Sunday, April 17, 2016

MIDWIFE X

Today I took a dear friend out to lunch and had the misfortune of sitting behind two white female OBs.  I couldn't help but hear them loudly exclaim that they knew exactly what THOSE women needed to do to improve their birth outcomes.   If I hear one more arrogant white person state what we need....I swear I'll explode.  Truth be told what we need is a whole lot fewer arrogant white obstetricians thinking they know what ails us.  What ails us is them.  They are our problem, along with the entire healthcare system they rode in on. This also happened last month when I attended a monthly meeting on infant mortality and listened to blatant indictment of Black women as the cause of Black infant death.  It simply is not so. All across the country I hear this, Black women, Black families, the Black community blamed for Black infant deaths.   Deaths that are entirely preventable.  Deaths that aren't prevented because Black lives don't matter in this country.  Deaths that are caused by systemically racist healthcare and economic systems that fail Black women and Black families.

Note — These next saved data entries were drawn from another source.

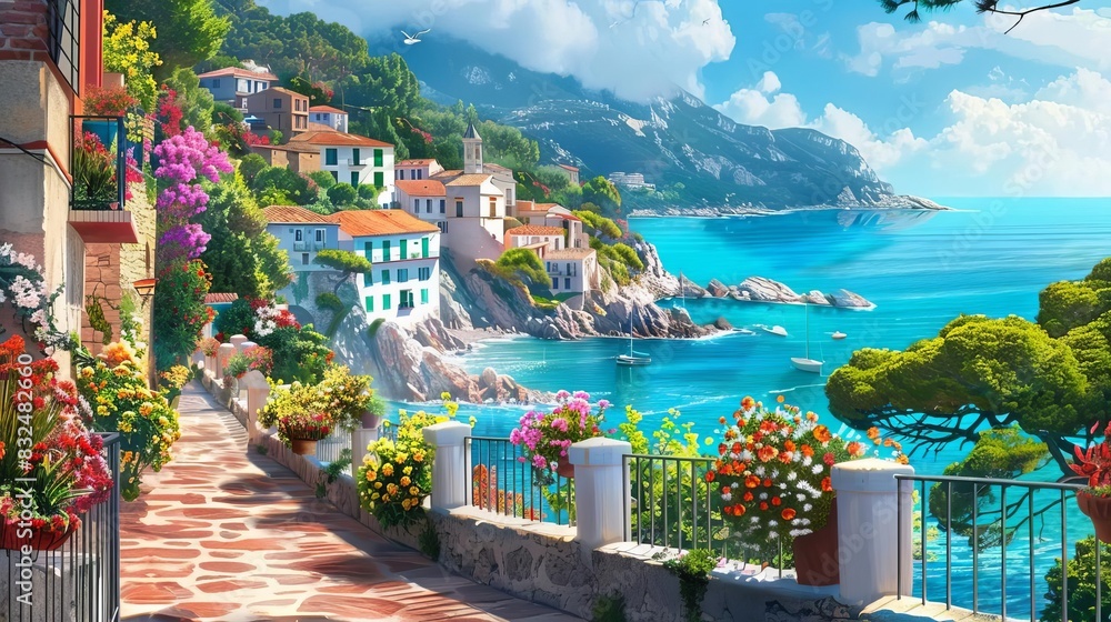 charming seaside town in spain colorful flowers and fences turquoise ocean view idyllic mediterranean landscape digital painting #832482660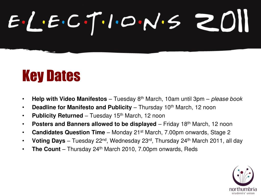 Key Dates • Help with Video Manifestos – Tuesday 8th March, 10am until 3pm – please book • Deadline for Manifesto and Publicity – Thursday 10th March, 12 noon • Publicity Returned – Tuesday 15th March, 12 noon • Posters and Banners allowed to be displayed – Friday 18th March, 12 noon • Candidates Question Time – Monday 21st March, 7.00pm onwards, Stage 2 • Voting Days – Tuesday 22nd, Wednesday 23rd, Thursday 24th March 2011, all day • The Count – Thursday 24th March 2010, 7.00pm onwards, Reds
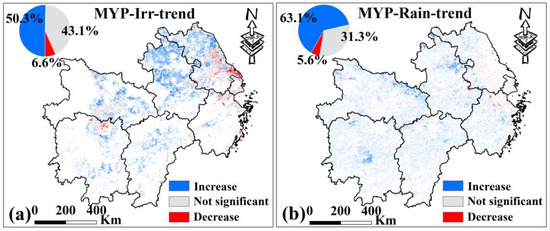 For MYP (Figure 12), 50.3% of irrigated croplands and 63.1% of rainfed croplands show a significant increase in VCI, indicating alleviation of drought (p < 0.05). Unlike Xinjiang, the areas with significant VCI decreases in MYP are small (6.6% for irrigated croplands and 5.6% for rainfed croplands), with the remaining areas showing no significant trend (43.1% and 31.3%, respectively). The proportion of alleviated drought is higher in rainfed croplands than in irrigated croplands, and the area with worsening drought is very small. This suggests that while irrigation in MYP has a clear anti-drought effect, it is not as effective as in Xinjiang.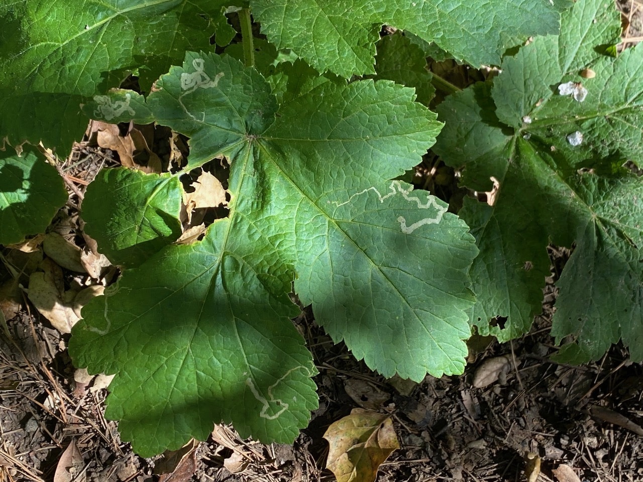 Under the dappled shade of the oak woodland, I spot a Cow Parsnip leaf that has squiggly lines on its upper surface.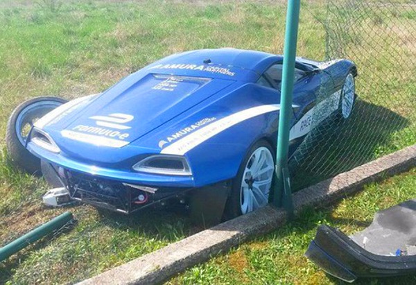 E során az ismeretlen pilóta elveszítette uralmát az autó fölött, és a pályát szegélyező kerítésben landolt, és bizony alaposan megsínylette a beton-alapzaton való áthajtást a felfüggesztés és a karosszéria. Mivel a baleset magánterületen történt, és senki nem sérült meg, a rendőrség nem vizsgálja az eset körülményeit. Mate Rimac, az autó építője és tulajdonosa is szemtanúja volt a balesetnek, ő most épp azzal van elfoglalva, hogy a lehető leggyorsabban újra teljesen működőképes legyen az autója.

I want to scream at the top of my lungs and I shall.  Our hands are not the hands bloody with these deaths. Listening to those women smugly and arrogantly parcel out advice from high atop their mountain of privilege made me want to come up with my own list of demands that point out the true villains when it come to Black infant mortality.








BLACK WOMEN'S MATERNITY CARE MANIFESTO








Number One: (to Black women)
Whenever you can, wherever you can, opt out of the system.  This system is not intended for you, means you no good, and is largely responsible for your poor outcomes, while blaming you for them.  Get out, however and whenever you can.  Look for alternative ways to get your healthcare.  Look for alternative providers.  Pay for your own care, after all you really do get what you pay for.  The 'free' government run system will keep us and our babies sick and dying. Get out of it if you can.








Number Two: (to Black people)
We are not who they say we are.  They pathologize us, but we are not pathology.  It is not our bodies or our culture that is flawed it their system.  Their flawed system pathologizes us.  Our bodies are strong.  Our minds are strong. Our collective will is strong.  We have survived everything they have brought against us.  We are still here.  We still survive.  Now it is time to thrive.




Number Three: (to white careproviders)
Take your white hands off my Black body.  Until you can see me, hear me, respect me, love me you have no business touching me. Every touch will be an act of violence upon my person.  You do not have permission to touch me until you can see me. Until you can look at me as a real person and not a caricature or a stereotype, you may not touch me. Until you can actually listen to the sound of my voice and hear and respect what I have to say and not dismiss me, you may not touch me. You haven't earned the right.




Number Four: (to white people)
Allieship on our terms.  You are allies when we say so and how.  Otherwise your allieship is not to be trusted. You are not to be trusted.  You do not even know when you are being untrustworthy.  You must depend on our guidance and our say so.  If you are not willing to do this, we have no use of you.                                                                                                                                                                                                                                                                                                                                                                                                                                                  


Number Five: (to the Black community)
Cultivate our own maternity care system.  We must restore our community midwives.  We must invest in midwifery schools and the midwifery arts.  We must train our own to serve our own.  We are the solution to the healthcare crisis that plagues our communities.  Outsiders can only play a limited role, if any in relieving us of this burden of health outcome disparities.  We must do it for ourselves.